Marco Rubio’s 2013 was as bad as Chris Christie’s was good. The Florida senator’s annus horribillis began with his goofy water bottle problem as he delivered the Republican response to President Obama’s State of the Union message. It continued when a month later he appeared equally ridiculous rushing to the floor of the Senate to support Rand Paul’s drone filibuster in order to avoid letting a rival hog all the attention, even though he actually disagreed with the libertarian. But Rubio, who began the year at the top of everyone’s list of Republican presidential hopefuls, didn’t hit bottom until he became the target of widespread conservative animus for his high-minded decision to back a bipartisan immigration reform bill. By the summer, many of his erstwhile fans on the right had buried him as a RINO and talk about his candidacy in 2016 seemed to be on hold. Even the senator began backing away from his own bill.

But if Christie has gone from GOP frontrunner to possible has-been in the wake of his Bridgegate scandal, Rubio has a chance to start over in 2014. Though it’s unlikely that many anti-immigration die-hards will forgive him for speaking common sense about the issue, Rubio’s address at the Capitol last week on the 50th anniversary of Lyndon Johnson’s “War on Poverty” gave his year a promising beginning. As James Pethokoukis rightly noted at the AEI Ideas blog, his “new anti-poverty plan offers a dramatic, even radical revamp of the American welfare state” that attempts to raise the incomes of the poor without falling into the trap of big government.

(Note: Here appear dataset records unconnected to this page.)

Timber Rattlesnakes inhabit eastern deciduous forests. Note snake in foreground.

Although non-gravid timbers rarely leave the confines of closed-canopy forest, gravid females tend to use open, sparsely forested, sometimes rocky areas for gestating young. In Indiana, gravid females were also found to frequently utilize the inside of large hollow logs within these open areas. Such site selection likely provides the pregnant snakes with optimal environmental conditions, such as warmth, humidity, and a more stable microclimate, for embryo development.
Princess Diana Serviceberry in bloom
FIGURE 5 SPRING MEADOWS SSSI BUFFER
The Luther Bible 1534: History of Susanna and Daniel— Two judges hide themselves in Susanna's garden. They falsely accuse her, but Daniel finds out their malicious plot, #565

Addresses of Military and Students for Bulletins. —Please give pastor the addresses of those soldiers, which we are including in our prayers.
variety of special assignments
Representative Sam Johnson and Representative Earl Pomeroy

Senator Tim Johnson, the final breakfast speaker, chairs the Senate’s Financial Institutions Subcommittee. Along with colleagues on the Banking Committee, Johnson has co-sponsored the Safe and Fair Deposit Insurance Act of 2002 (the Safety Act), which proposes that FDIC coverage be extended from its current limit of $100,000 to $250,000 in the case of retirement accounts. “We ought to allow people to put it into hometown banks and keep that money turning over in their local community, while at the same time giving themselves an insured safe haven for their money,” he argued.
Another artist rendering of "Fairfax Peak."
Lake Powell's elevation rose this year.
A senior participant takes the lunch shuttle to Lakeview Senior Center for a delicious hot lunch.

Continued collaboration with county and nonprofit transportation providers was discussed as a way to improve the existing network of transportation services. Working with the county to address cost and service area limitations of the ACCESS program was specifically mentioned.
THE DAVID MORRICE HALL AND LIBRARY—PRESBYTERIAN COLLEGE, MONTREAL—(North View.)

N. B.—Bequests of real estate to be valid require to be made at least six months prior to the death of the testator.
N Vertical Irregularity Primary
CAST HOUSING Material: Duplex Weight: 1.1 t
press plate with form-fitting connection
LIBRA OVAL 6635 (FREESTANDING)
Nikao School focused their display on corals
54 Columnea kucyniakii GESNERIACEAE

It’s not clear whether his fine speech and Christie’s downfall will boost his presidential stock, but Rubio may have done more than advance a personal agenda. By calling on Republicans to address how to help Americans mired in poverty, Rubio may have started an important conversation on the right that could help make the GOP the party of ideas again.

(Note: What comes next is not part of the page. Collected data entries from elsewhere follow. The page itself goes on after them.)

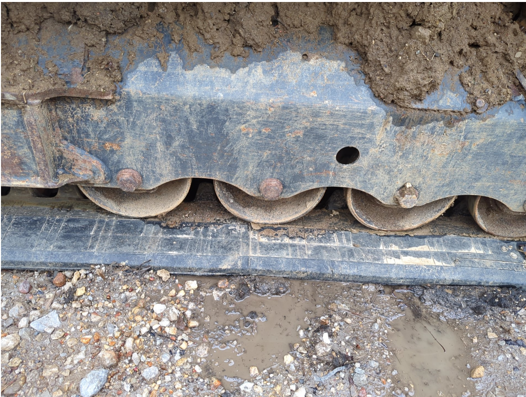
Left Track Condition / 03-05-2024
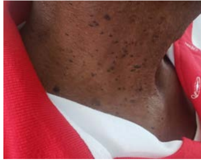
Figure 3. Cervical DPN in a 44-year-old hypertensive.
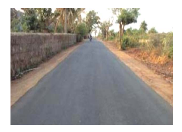
Connecting BT Road
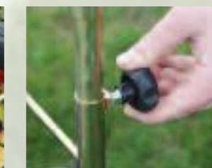
ADJUSTABLE HANDLEBARS Easily adjustable for operator preference and comfort
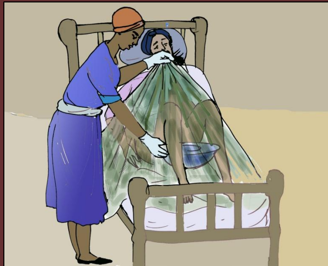
5. Use a bedpan – female.
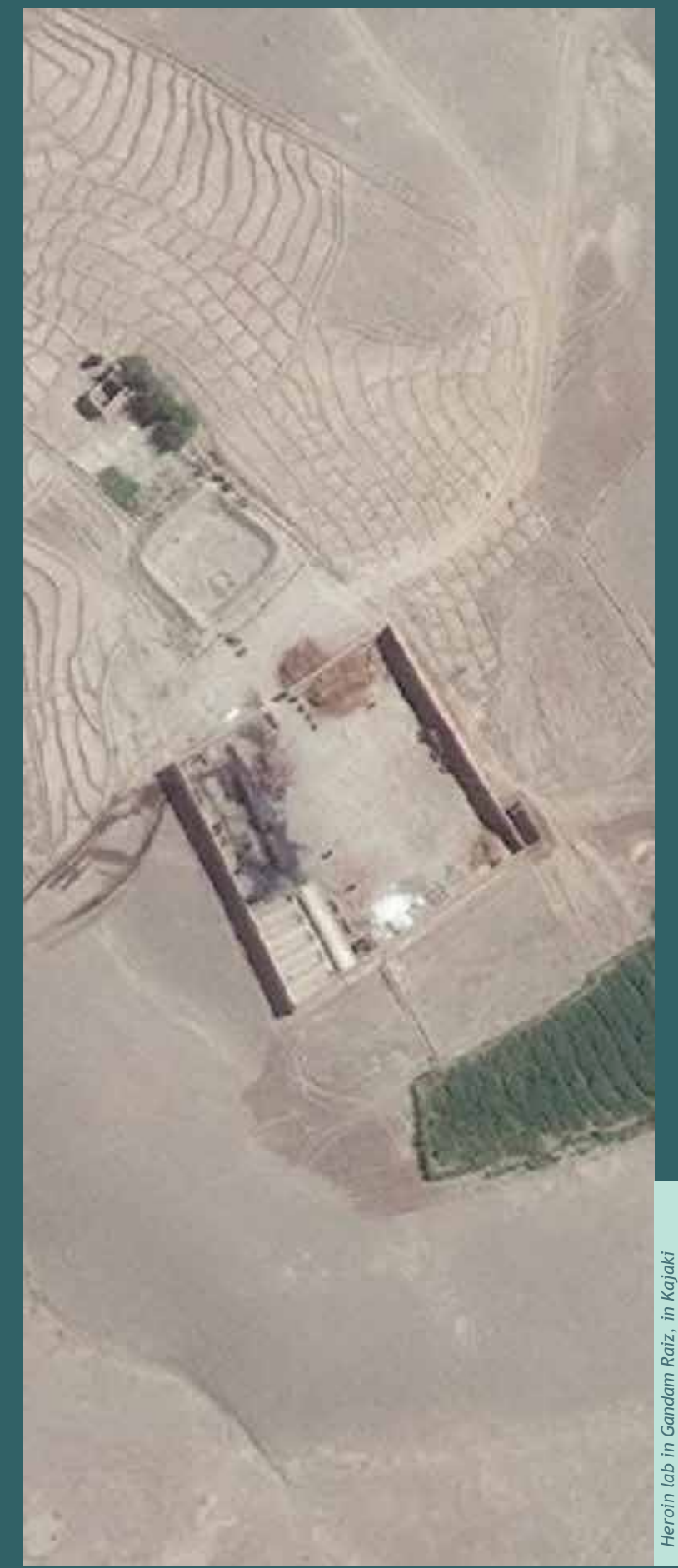
Heroin lab in Gandam Raiz, in Kajaki district, Helmand.

Rubio’s approach is based on two accurate assumptions. One is that Republicans cannot hope to win national elections by playing the role of the mean party that likes the rich and considers the poor to be an incorrigible “47 percent” of takers, to quote Mitt Romney’s unfortunate gaffe. Conservatives must demonstrate that they care about people who aren’t rich or well off lest they be written off as the party of ruthless plutocrats who want to take away benefits from the poor. Though the Tea Party movement has raised important points about the dangers of uncontrolled tax and spend policies, the results of the 2012 election should have reminded Republicans that they must do more than say “no” to Democratic ideas; they must offer voters their own plans for helping the disadvantaged.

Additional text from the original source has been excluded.